China and Russia Will Not Be Split

Michael McFaul and Evan S. Medeiros

Many American foreign-policy makers dream of being the next Henry Kissinger. Whether they admit it or not, they look to him as the model of shrewd calculation of national interests, geopolitical acumen, and devotion to diplomacy. He was a leader who struck grand bargains with global effects. And no diplomatic maneuver is more quintessentially Kissinger than the U.S. opening to China in 1972.

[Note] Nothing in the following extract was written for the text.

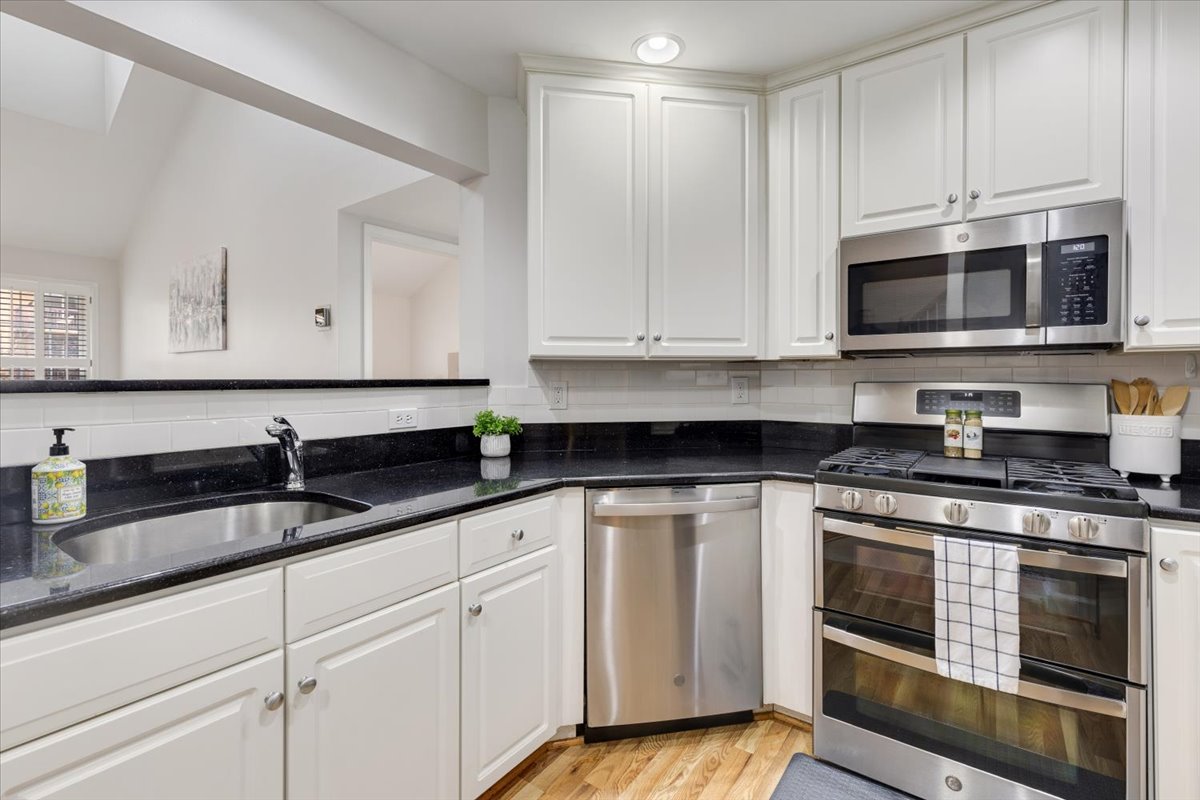Gorgeous & RARE 3-bedroom, 2-bathroom 2-level condo located in the Courthouse Hill Condominium! This beautifully updated home welcomes you with a bright, open layout & wooden shutters throughout. Upon entry, the kitchen sits to your right, offering white cabinetry, stone countertops, a classic white subway tile backsplash, stainless steel appliances including a new dishwasher (2025), & hardwood flooring. To the left, the separate dining area provides plenty of room to entertain and includes convenient under-stair storage. A pantry closet in the back hallway adds even more functionality.

As great-power competition heats up again, today’s U.S. policymakers may be tempted to try to replicate that success by orchestrating a “reverse Kissinger”—pulling Russia closer to balance a rising China, in a reversal of what Kissinger did beginning in 1971, when he was serving as national security adviser to President Richard Nixon. In an influential paper published in 2021 by the Atlantic Council, the anonymous author, a former government official, proposed that Washington “rebalance its relationship with Russia” because “it is in the United States’ enduring interest to prevent further deepening of the Moscow-Beijing entente.” In its first few months, the Trump administration has seemed to warm to this idea. Secretary of State Marco Rubio has called for the United States “to have a relationship” with Russia rather than let it “become completely dependent on” China. Running a “reverse Kissinger” is also the perfect alibi for President Donald Trump’s courtship of Russian President Vladimir Putin. Americans dislike Putin, but if Trump’s embrace of the Russian dictator can be presented as pragmatic, realpolitik, or otherwise Kissinger-esque, they might accept it.